Monday, November 21, 2011

Fishers of Men

It should surprise no one that in a world of seventy-percent water, fishing is the oldest profession known to man. Particularly among coastal societies, fish have been the principal source of food and nourishment since the dawn of mankind. Fish were caught by hand in shallow water or gathered from those stranded on the shore at low tide. From spears and harpoons, tools for fishing gradually improved to the stage where lines, hooks, nets and boats became the most efficient means of providing a large catch. In the preparation and writing of an 899 page cookbook dedicated to fish, it behooves those doing the research to spend some time examining the importance of fish and fishing in ancient civilizations. John Folse and his staff on Hooks, Lies & Alibis have done their work.

In his weighty cookbook, Folse devotes a whole chapter to fishing in the age of Christ, and the pages of that chapter are fascinating indeed. Long interested in biblical literature, the Bible is no stranger to these eyes in any of several translations, but it was the Folse chapter “Fishers of Men” that made me aware of just how prevalent fish and fishing are as metaphor and symbol, as well as a familiar vernacular and background for the stories of Jesus in the New Testament.

Right off, we learn that fishing techniques on the sea of Galilee are much the same today as they were almost 5,000 years ago. Both Old and New Testaments are filled with the images of fishermen, nets and boats. The first four disciples chosen by Jesus were Galilean fishermen. Passing by the Sea of Galilee Jesus saw Simon and his brother casting their nets into the sea and called out to them: ‘Come after me, and I will make you fishers of men.’ Walking a little farther he found James and John and called out to them to follow. Hearing Jesus the two brothers left their father and followed Jesus.

“Again, the kingdom of heaven is like a net thrown into the sea, which collects fish of every kind. When it is full they haul it ashore and sit down to put what is good into buckets. What is bad they throw away.” —Matthew 13: 47-48

Jesus often used a boat as a podium from where he preached to those gathered on the shoreline, and it was in the boats of fishermen that he sailed from village to village spreading the gospel. A fishing boat of that time, roughly 30 AD, would have had a sail and room for four rowers and another to steer. It would have been constructed of cedar and oak and measured 26.5 feet long, 7.5 feet wide and 4.5 feet deep. There was enough room for crew, ten passengers or a ton of fish or other cargo.

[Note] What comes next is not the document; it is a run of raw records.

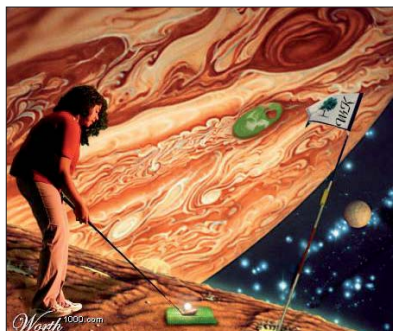
Hvordan livet spredes fra planet til planet.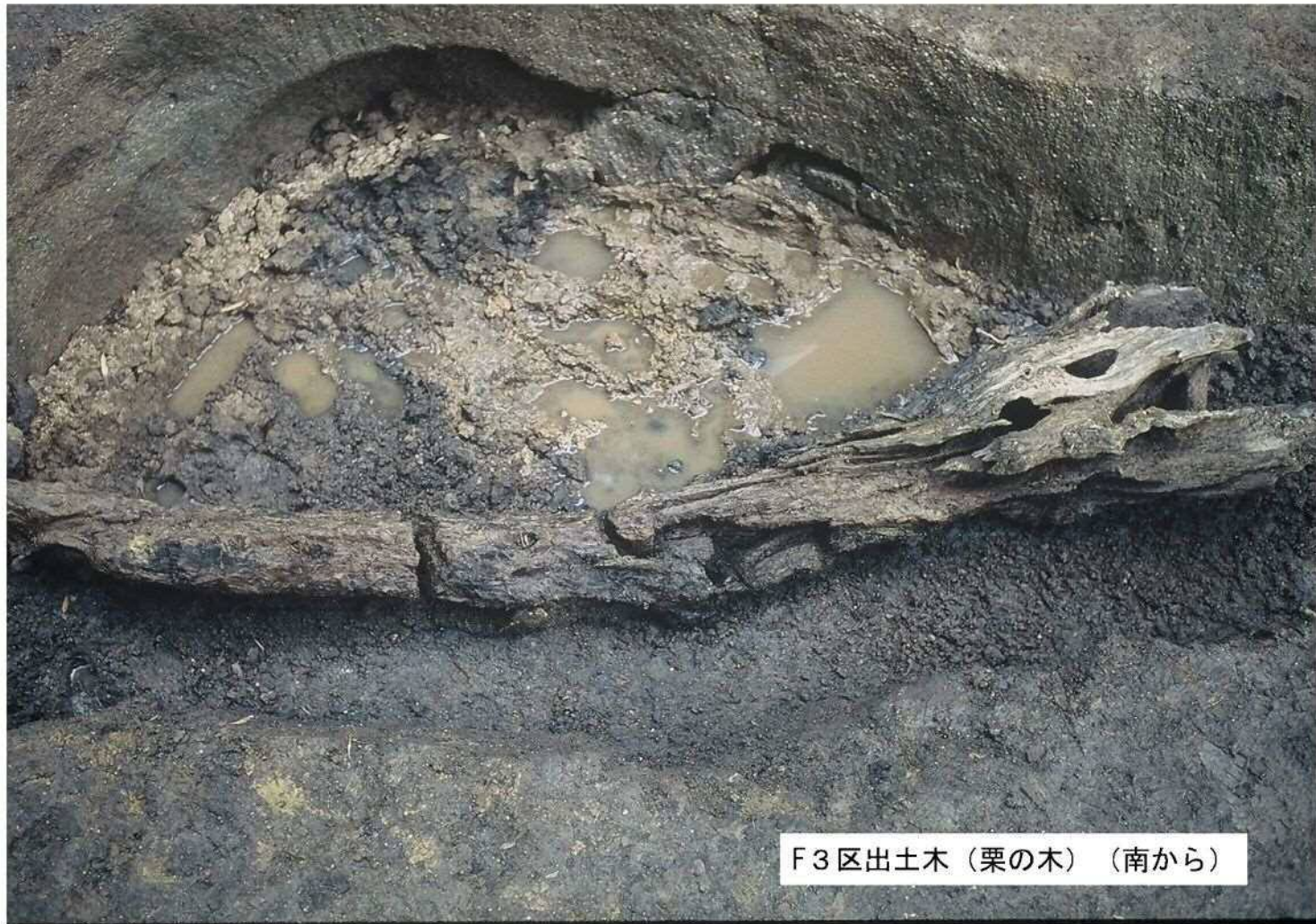
F3区出土木（栗の木）（南から）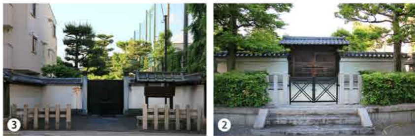
2 廟の扉にはもちろん「菊の御門」、ここから来たので中の様子が知りたかった。 3 朝、門が閉まってた、立札を見れば九時からの開門だ、胸を撫で下ろした。

一〇六代 正親町(おおきまち)天皇陵 諱 方仁 みちひと 在位年 西暦一五五七〜一五八六年 陵 形 方形堂 皇 居 京都御所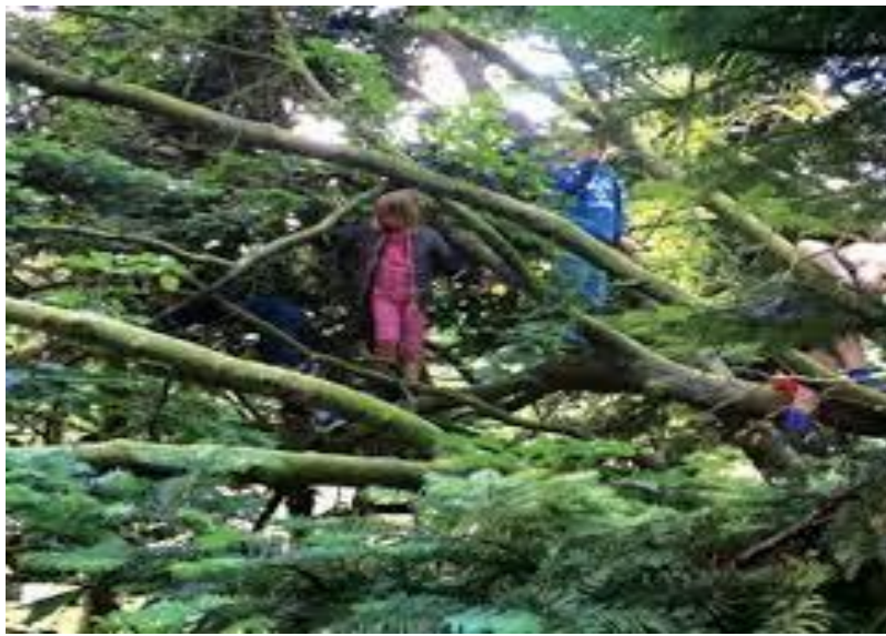
Slika 2. Spretnost i okretnost djece šumskih vrtića. Izvor: Early horizons, 2017.

https://www.asg.com.au/doc/default-source/early-horizons/asg_eh_2017_issue_6-1_web_fa.pdf?sfvrsn=2 , pristupljeno:26.08.2021.

Perhaps the best known fish in the Bible is found in the Old Testament book of Jonah. The four chapters of Jonah were probably written around the 5th century BC and tell the story of a disobedient prophet who attempts to escape his divine obligation and winds up being swallowed by a great fish. (In no translation does the Bible ever speak of a whale.) The following lines from Jonah are especially beautiful and deserve a place here:

“But the Lord sent a large fish, that swallowed Jonah; and he remained in the belly of the fish three days and three nights. From the belly of the fish Jonah said this prayer to the Lord, his God:


Out of my distress I called to the Lord,
and he answered me;
From the midst of the nether world I cried for help,
and you heard my voice.
For you cast me into the deep, into the heart of the sea,
into the very heart of the seas,
and the flood enveloped me;
all your breakers and your billows passed over me.
Then I said, ‘I am banished from your sight!
Yet would I again look upon your holy temple.’
The waters swirled about me, threatening my life;
the abyss enveloped me;
seaweed clung about my head.
Down I went to the roots of the mountains;
the bars of the nether world were closing behind me forever,
But you brought up my life from the pit,
O Lord, my God.

When my soul fainted within me,
I remembered the Lord;
My prayer reached you in your holy temple.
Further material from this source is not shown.